Verurteilend die gemeldete Zerstörung einer wichtigen Wasseraufbereitungsanlage in der südlichen Stadt Rafah letzte Woche, betonte Herr Elder die zusätzlichen Gesundheitsgefahren, die dies für die Bewohner des Gazastreifens geschaffen hat, nachdem sie „in die Luft gesprengt wurde…Es ist ein weiterer düsterer Hinweis auf diese Angriffe auf Familien, die bereits dringend Wasser benötigen“, sagte er.
Heute ist das Wasser im Gazastreifen knapp. Die durchschnittliche Wasserverfügbarkeit ist auf zwei bis neun Liter pro Person und Tag gesunken, während das Minimum 15 Liter betragen sollte, fuhr Herr Elder fort. „Irgendwie halten die Menschen durch, aber natürlich befinden wir uns jetzt in diesem tödlichen Zyklus, in dem Kinder sehr unterernährt sind, es gibt immense Hitze, es mangelt an Wasser, es gibt einen furchtbaren Mangel an Sanitärversorgung und das ist der Zyklus. Darüber hinaus gibt es natürlich einen sehr, sehr aktiven Konflikt.“
In der Zwischenzeit hat das Abfallwirtschaftssystem des Gazastreifens zusammengebrochen, warnte das UN-Entwicklungsprogramm (UNDP) in einer am Dienstag veröffentlichten neuen Bewertung.

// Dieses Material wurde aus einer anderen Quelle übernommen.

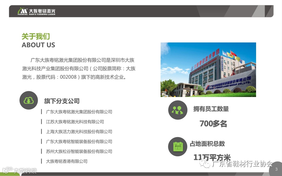 广东大族粤铭激光集团股份有限公司是深圳市大族激光科技产业集团股份有限公司(公司股票简称:大族激光,股票代码:002008)旗下的高新技术企业。拥有员工数量700多名,占地面积总数11万平方米。公司专注于工业激光设备制造20年,产品畅销全球 100 多个国家,是中国成立最早的、实力最强的著名工业激光装备制造商之一。

Es gibt keinen Zugang zu großen Deponien, und der Abfall sammelt sich an mehr als 140 temporären Müllabladeplätzen an, sagte die Agentur, was ernsthafte Umwelt- und Gesundheitsrisiken mit sich bringt, darunter ein Anstieg von Durchfallerkrankungen und akuten Atemwegsinfektionen.

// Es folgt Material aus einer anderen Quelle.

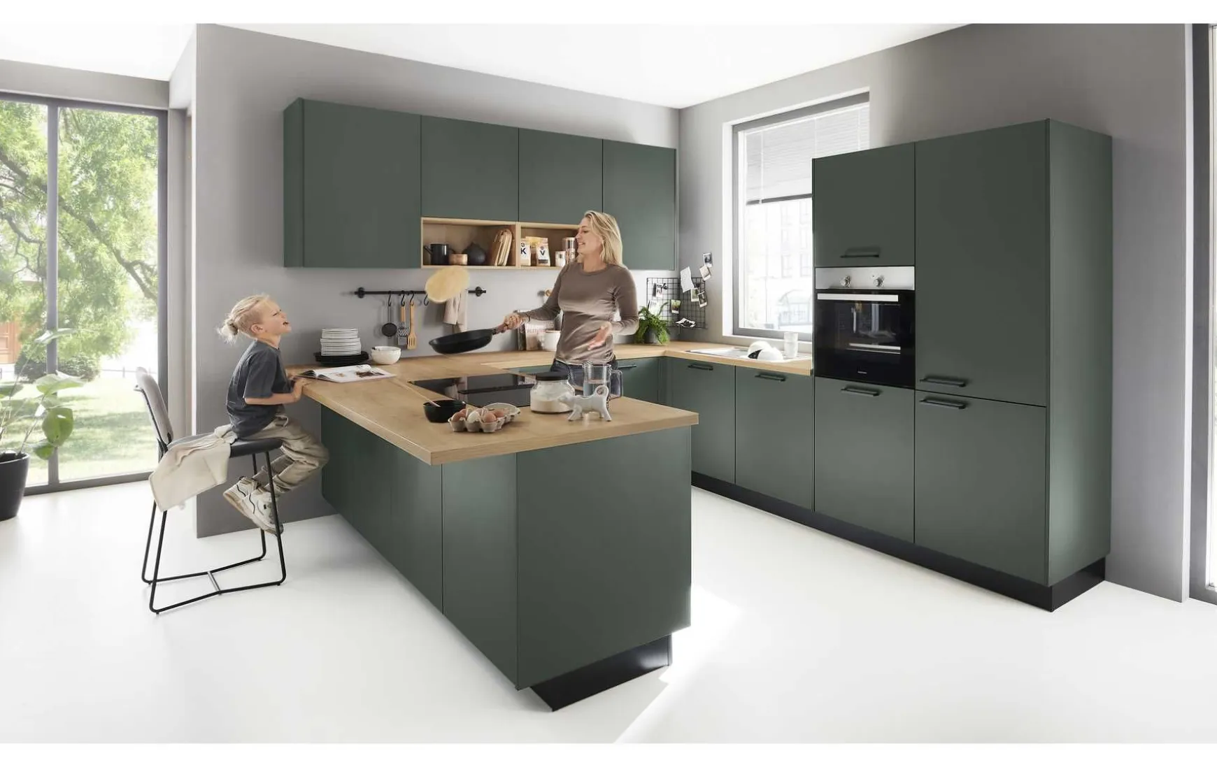 Topmoderne Einbauküche in Lack weiß softmatt kombiniert mit Lack Avocado softmatt, ca.267 x 350cm, inkl. Elektrogeräte-Set und Einbauspüle. Geschirrspüler, Essgruppe und Armatur gegen Mehrpreis erhältlich. Andere Größen und Zusammenstellungen zum individuellen Preis planbar.

Die UN-Agentur, die dem palästinensischen Volk hilft, UNRWA, sagte auch, dass zwischen 800 und 1.000 neue Fälle von Hepatitis A wöchentlich aus ihren Gesundheitszentren und Unterkünften im Gazastreifen gemeldet werden, wobei der Mangel an Wasser, Sanitärversorgung und Hygiene die Ausbreitung von Krankheiten beschleunigt.
In ihrem neuesten Update vom Montagabend erklärte das UN-Hilfskoordinationsbüro OCHA, dass mehr als 200.000 Menschen im Gazastreifen – neun Prozent der Bevölkerung - durch israelische Evakuierungsanordnungen zwangsweise umgesiedelt wurden.
Anweisungen, die von den israelischen Behörden am Samstag und Sonntag herausgegeben wurden, betrafen Rafah, Khan Younis und Deir Al-Balah, „wo insgesamt 56.000 Menschen untergebracht waren“, sagte OCHA, bevor sie davor warnte, dass diese Entwicklung „zu einer Zeit kommt, in der die Bedingungen für Wasser, Sanitärversorgung und Hygiene im Gazastreifen weiter erodiert werden, wobei infektiöse Krankheiten auf dem Vormarsch sind“.